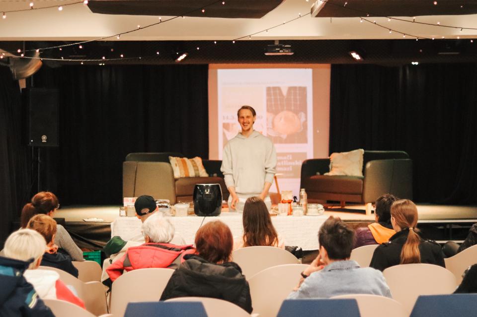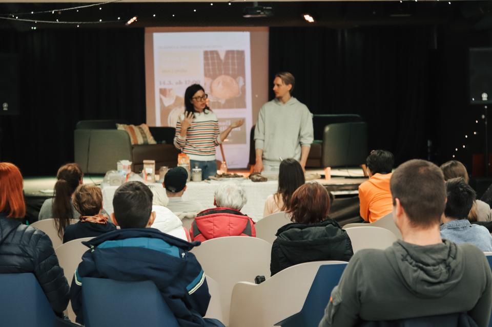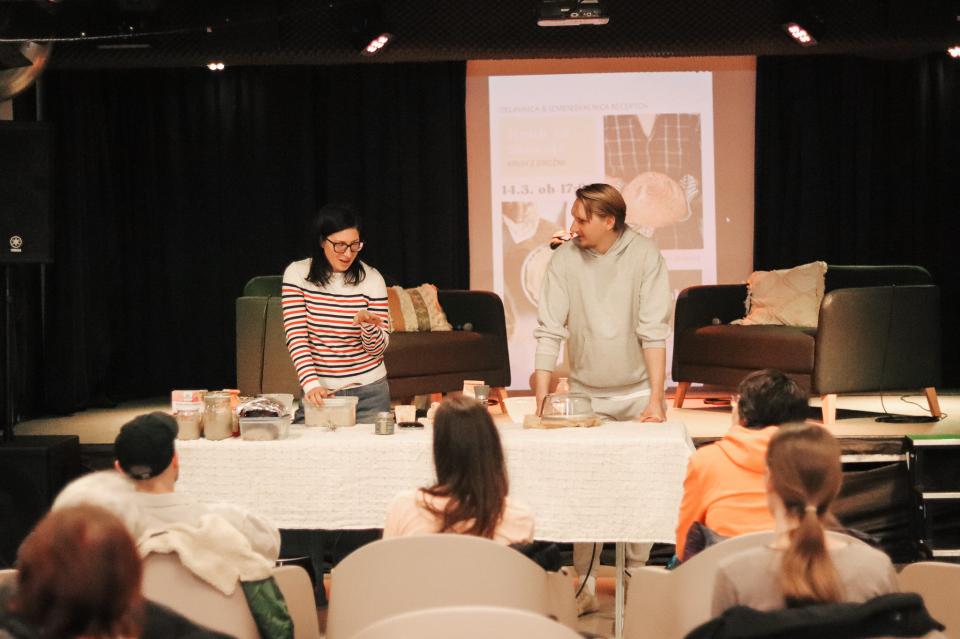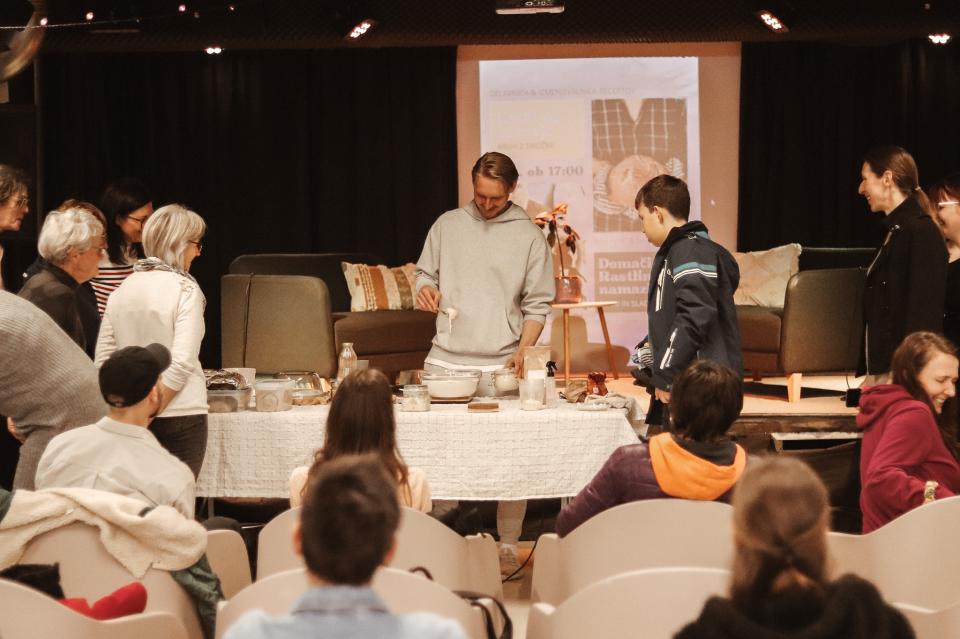 V Mladinskem centru Gornja Radgona je potekala praktična delavnica "Kruh za zdravje & rastlinski namazi", kjer sta Suzana Simenčič in Nino Irgolič udeležencem predstavila celovit vpogled v peko kruha z drožmi ter pripravo zdravih rastlinskih namazov.
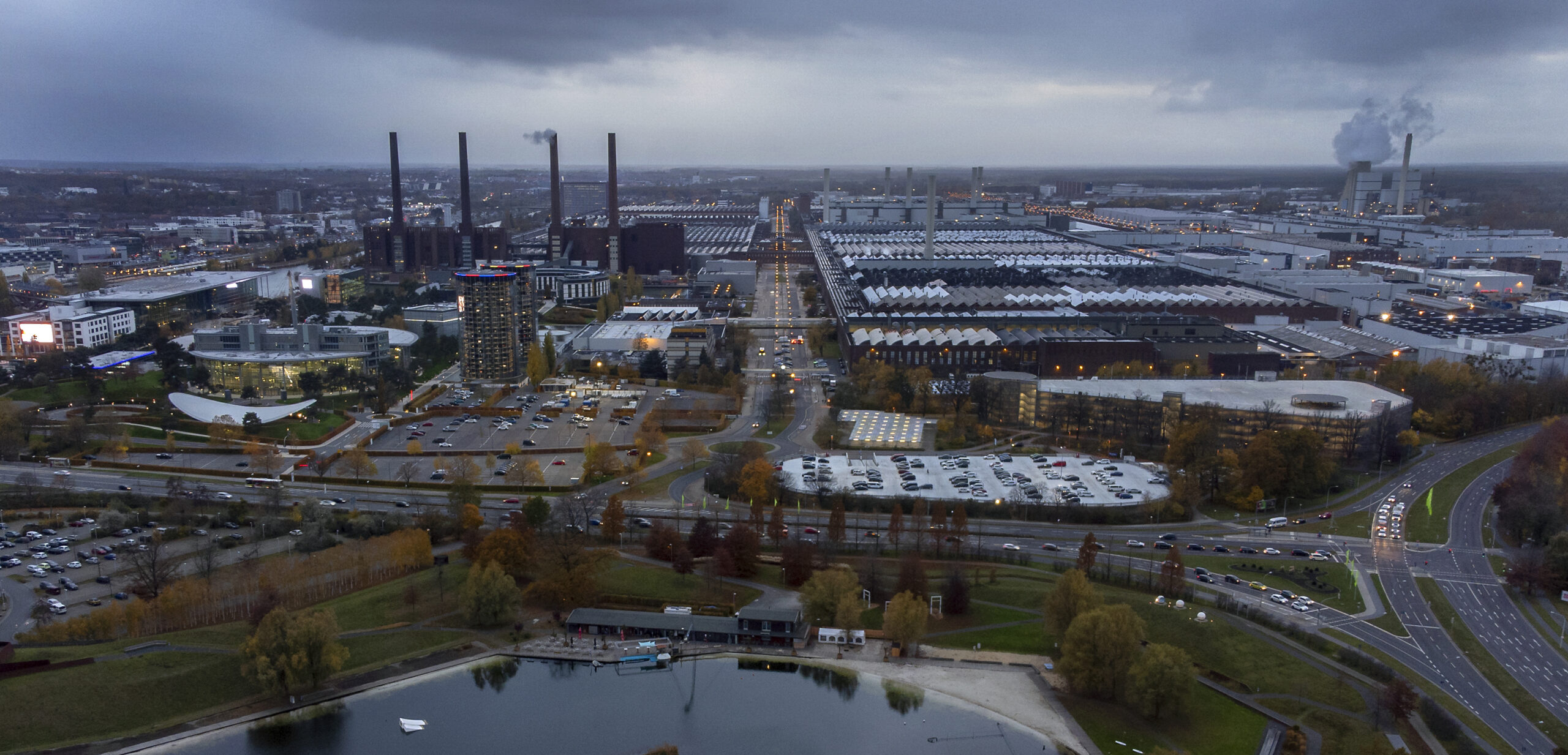 Utsikt til Volkswagen-fabrikken i Wolfsburg den 8. november 2021. Konsernet kunngjorde nylig at VW-fabrikker i Tyskland kan bli nedlagt. Foto: Michael Sohn / AP / NTB.
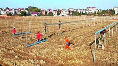 近年来,江西省吉安市永丰县着力打造粤港澳大湾区蔬菜专供基地,发展绿色无公害蔬菜富民产业,推动产业增效、菜农增收,巩固拓展脱贫攻坚成果,促进乡村经济振兴。图为吉安市永丰县坑田镇塘下村蔬菜产业园,农民在扩建蔬菜温室大棚。 CNSPHOTO提供 |
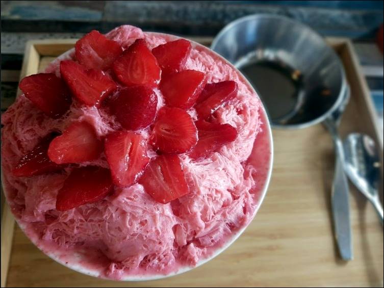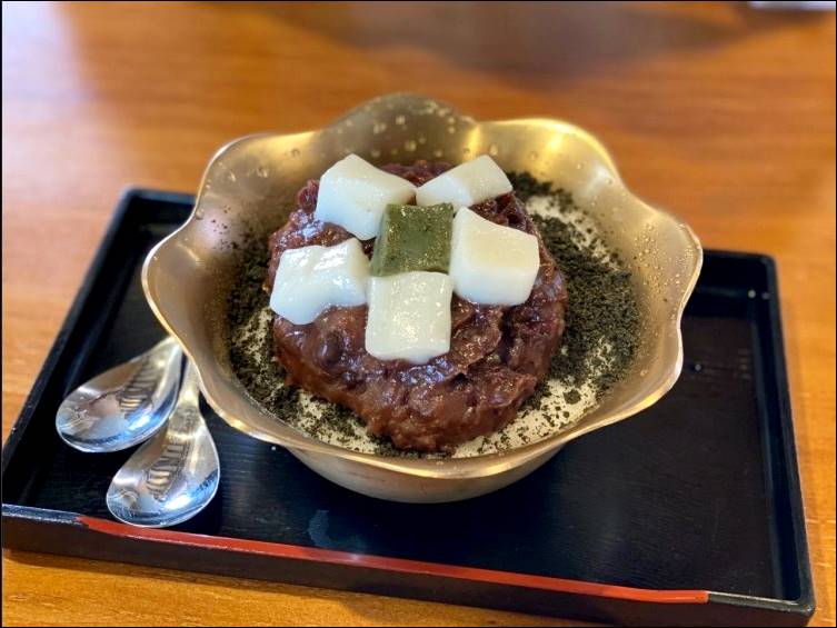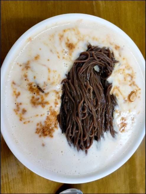 기존에 먹던 팥빙수하고는 완전히 다른데요. 전주에 딱 어울리는 팥빙수입니다. 떡도 그렇고, 흑임자도 그렇고, 한국 전통의 미를 잘 살렸습니다. 흑임자 팥빙수가 아주 달지 않고 고소한 맛이 나면서 맛있습니다. 특히 위에 올려져 있는 떡이 부드럽고 쫀득합니다.
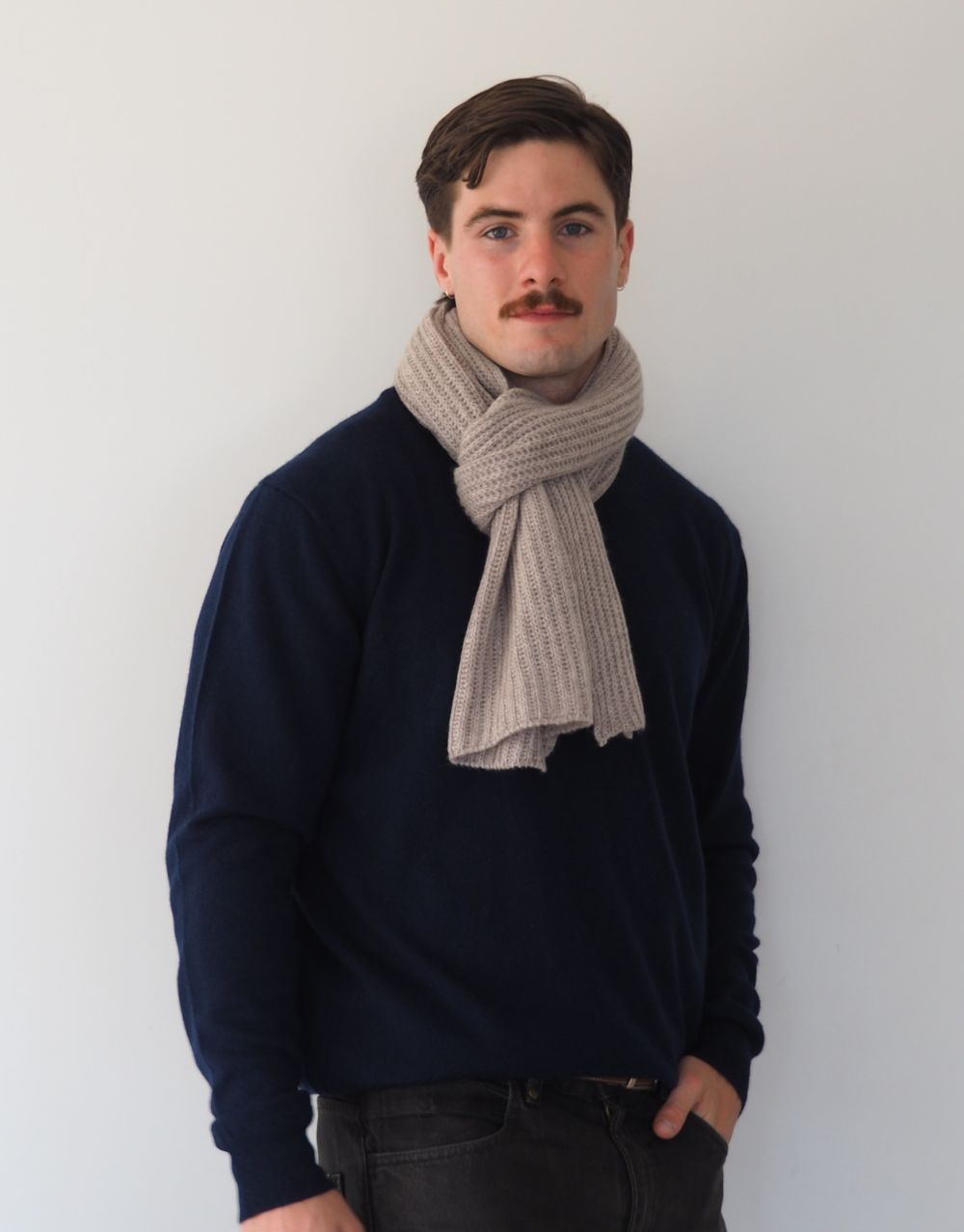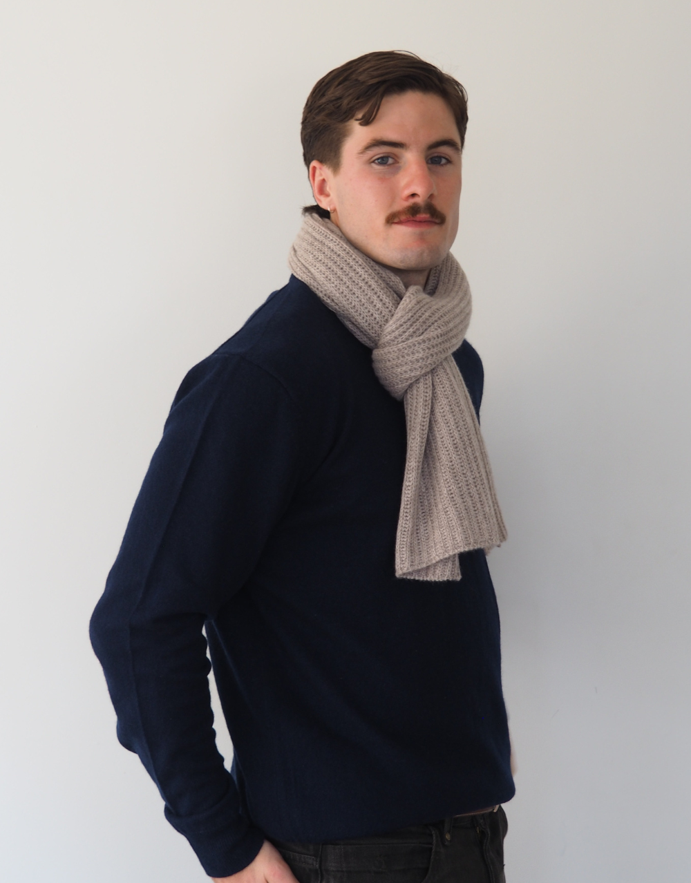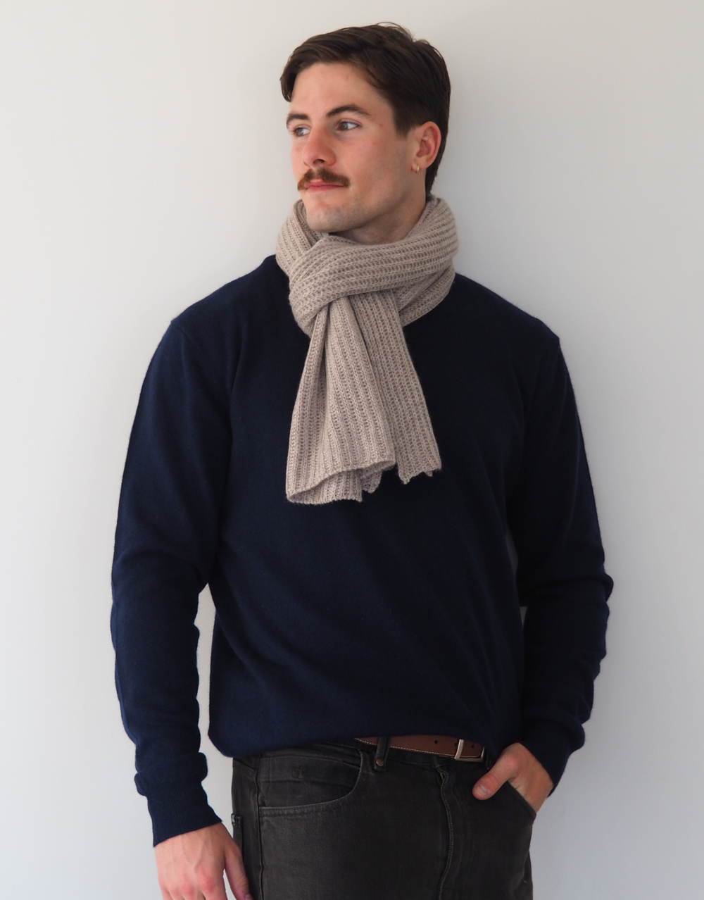 Thick Ribbed Cashmere Short Scarf in Oak

□ □ □ □ □

→ Exercise goal
Please output every record above exactly. Leave the pictures out.

→ Exercise answer
 V Mladinskem centru Gornja Radgona je potekala praktična delavnica "Kruh za zdravje & rastlinski namazi", kjer sta Suzana Simenčič in Nino Irgolič udeležencem predstavila celovit vpogled v peko kruha z drožmi ter pripravo zdravih rastlinskih namazov.
 Utsikt til Volkswagen-fabrikken i Wolfsburg den 8. november 2021. Konsernet kunngjorde nylig at VW-fabrikker i Tyskland kan bli nedlagt. Foto: Michael Sohn / AP / NTB.
 近年来,江西省吉安市永丰县着力打造粤港澳大湾区蔬菜专供基地,发展绿色无公害蔬菜富民产业,推动产业增效、菜农增收,巩固拓展脱贫攻坚成果,促进乡村经济振兴。图为吉安市永丰县坑田镇塘下村蔬菜产业园,农民在扩建蔬菜温室大棚。 CNSPHOTO提供 |
 기존에 먹던 팥빙수하고는 완전히 다른데요. 전주에 딱 어울리는 팥빙수입니다. 떡도 그렇고, 흑임자도 그렇고, 한국 전통의 미를 잘 살렸습니다. 흑임자 팥빙수가 아주 달지 않고 고소한 맛이 나면서 맛있습니다. 특히 위에 올려져 있는 떡이 부드럽고 쫀득합니다.
 Thick Ribbed Cashmere Short Scarf in Oak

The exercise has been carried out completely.